The last Cathars held out at Montsegur enduring a 9 month siege and finally succumbed in 1244 when the last them were burned at the foot of the rocky outcrop on which the fortress still stands. Rumour has it that the Holy Grail was smuggled out from here, down the sheer cliffs, in the last days of the siege. Maybe it was in the sense that the Holy Grail could be the spirit that moves people to stand up for their beliefs and for freedom and to stand against corruption. If that is the case, the Grail is still missing, in Ireland at the very least.

It’s a steep climb up to Montsegurbut worth it. All around are the mountains still veined with snow and far below the village. There is nothing left now but the walls.

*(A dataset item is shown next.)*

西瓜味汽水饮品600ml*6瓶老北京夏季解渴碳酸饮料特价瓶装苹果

It must have been brutal in the cold weather but on the day we visited it was warm and sunny. Like many of these sites, it held and still holds a fascination for me as does the human psychology that brought such a brutal end to such peaceful people, a psychology that seems doomed to repeat the same story over and over again all over the world right up to the present time. Maybe I visit these sites because I think I will find an answer but there probably is no answer.



We stopped at Foix on the way back for coffee, another town with another castle. Languedoc is so full of these historical towns and villages. Even the ordinary wee towns are still made up of buildings with ancient wooden cross beams through crumbling plaster, arched arcades and cobbled stone streets rising up to covered market places. Once, the “new” boyfriend came to meet some clients and I spent a few days with him and we travelled through some of these old villages. We wandered around Cordes and I took these photos.

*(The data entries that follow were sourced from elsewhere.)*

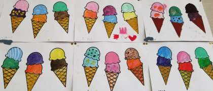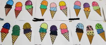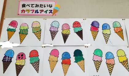 2年生の教室壁面に、おいしそうな「カラフルアイス」が!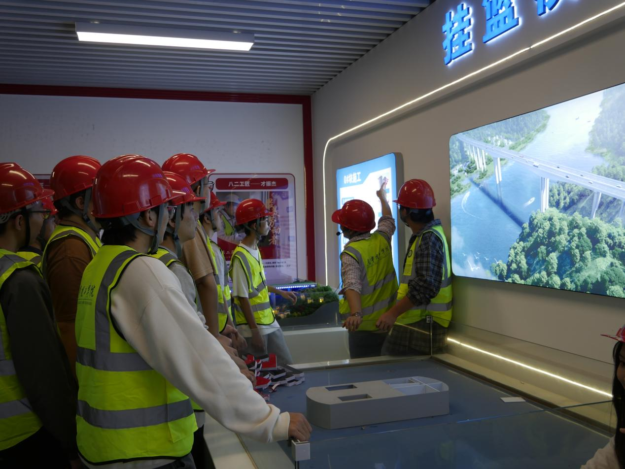 在桂江特大桥施工现场、智慧施工展示区,项目引入的BIM技术应用系统、智能监测设备、无人机巡检平台等现代化施工手段让同学们大开眼界。李拯稷给同学们详细讲解了连续刚构桥受力特点,挂篮施工、预应力施工细节,强调桥梁施工的质量控制,作为桥梁工程师应具有认真细致、精益求精的工匠精神。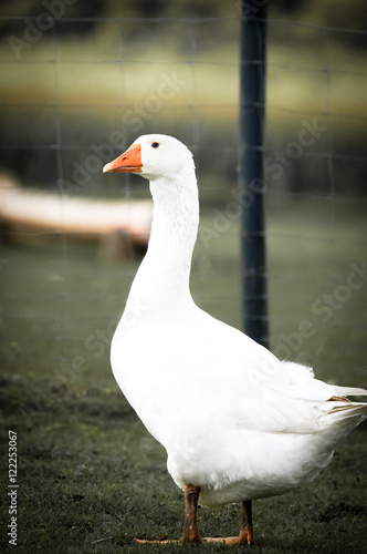 goose, goose, an, 1, look, view, fence, enclosure, vignette, neck, beak, farm, outside, meadow, meadow, eat, sunshine, white, fowl

While Carrie and Helen were still in Toulouse, we went to Carcassonne, the famous old walled city of the south. It is quite touristy but it is indeed a sight to see.

Helen and Carrie went back and the boyfriend had gone and I was starting to get sick of hanging around looking for jobs and began to hanker to get home again, to get my own space and to create a more focussed plan for my life-something that , 20 years later, has yet to happen. So I left Toulouse at the end of May and went home to Ireland.

I have always meant to go back to Toulouse. Bea and Charlotte are no longer there, they moved to Normandy where Bea married her soldier boyfriends. I lost contact but saw them again just over ten years ago when they visited Ireland. Charlotte of course was a teenager and we were all strangers. I often think they must miss the south. I know I do. The warm days, the lazy evenings, the good clean wine. Dusty buildings criss-crossed with oak and spiked with random towers, the churches with their gargoyles and ruined arches and dark, cool cloisters. Ancient bull rings still host the cheers of the bullfighting crowd as white blossom drift through old walled villages and the click clack sound of old men playing Boules in the parks and on the streets and all of it laced and stained the history of passionate and bloody people.